Bütün bunları sağlayan da okul müdürünün insan odaklı yönetim anlayışı.
Kendisiyle tanışmadım, konuşmadım ama personelden öğrenciye herkes memnun.
Ne diyelim?
Darısı sayılarının artmasına.
***
Şehrimi seviyorum.
İnsanıyla, doğasıyla, deniziyle…
Lakin daha güzel olabilir.
Deniz dolgusunda aşırıya gidiyoruz.
Betonlaşmada aşırıya gidiyoruz.
Alt yapısız işler yapıyoruz, alt yapı sonradan gelir diyoruz, gelmiyor.
Şehir içi yollarımız ciddi şekilde iyileştirilmeyi bekliyor.
Zemini bozuk, çukurlu tümsekli yollarımız fazla hala.

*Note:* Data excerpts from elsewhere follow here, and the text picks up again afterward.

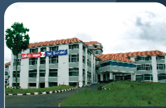
AHALIA SCHOOL OF OPTOMETRY
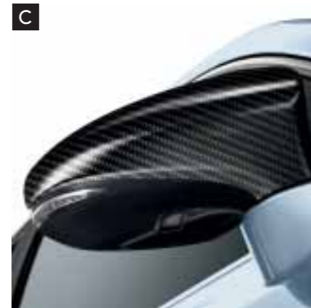
C. MIRROR COVERS

Made with a high quality chrome finish, Lexus side sills integrate seamlessly along the lower edges of the doors and so add a compelling visual highlight to the CT 200h's sculpted contours.
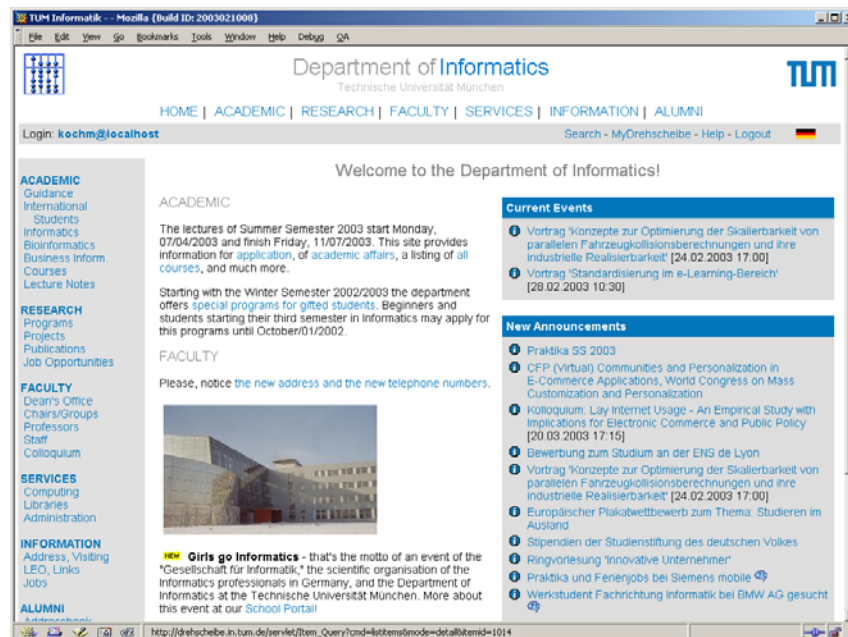
Fig. 1 Homepage of the Department of Informatics of TUM with Drehscheibe functionality

The service grew and we soon extended the focus to building a “platform for information exchange and matchmaking” in the department – a community support platform. We identified different target groups. These were students, alumni, faculty and external (future students, external researchers, companies). Regarding the target groups we decided to focus on supporting information exchange, communication and awareness (matchmaking) for students and alumni while providing a very flexible medium that might also support other fields. This task was accomplished in several steps. The system was restructured, was re-implemented and was linked to several other systems and resources. During the development the solution was adapted by other departments and universities and in this turn extended with various possibilities for configuration. In the following subsection we will briefly describe the core functionality of the system as it is in operation today.

Ve hala iki aracın yan yana geçemeyeceği birçok yol var.
Ne kadar daha böyle devam edebilir?
Her yer Meydan değil, her yer Ganita değil, her yer Millet bahçesi ya da Trabzon Botanik değil.
Hiçbir dükkân sadece vitrinden müteşekkil olmaz ve sadece vitrinin tozları alınarak temiz kalamaz.
Neşteri bir yerden vurmalıyız artık.
Trabzon’a Kanuni Bulvarı ve Tanjant haricinde
daha çok köprü daha çok viyadük lazım.
Kantsel dönüşüm anlayışımız sadece yeni binalar yapmaya kadar indirgendi.
Zağnos vadisinin dibini tıkış tıkış bina doldurduk.
Vadileri daha cazip hale getiremedik.
Birini okuldan kaçan çocuklara, diğerini astronomik ve komik otopark ücretlerini vermek istemeyen şehir sakinlerine terk ettik.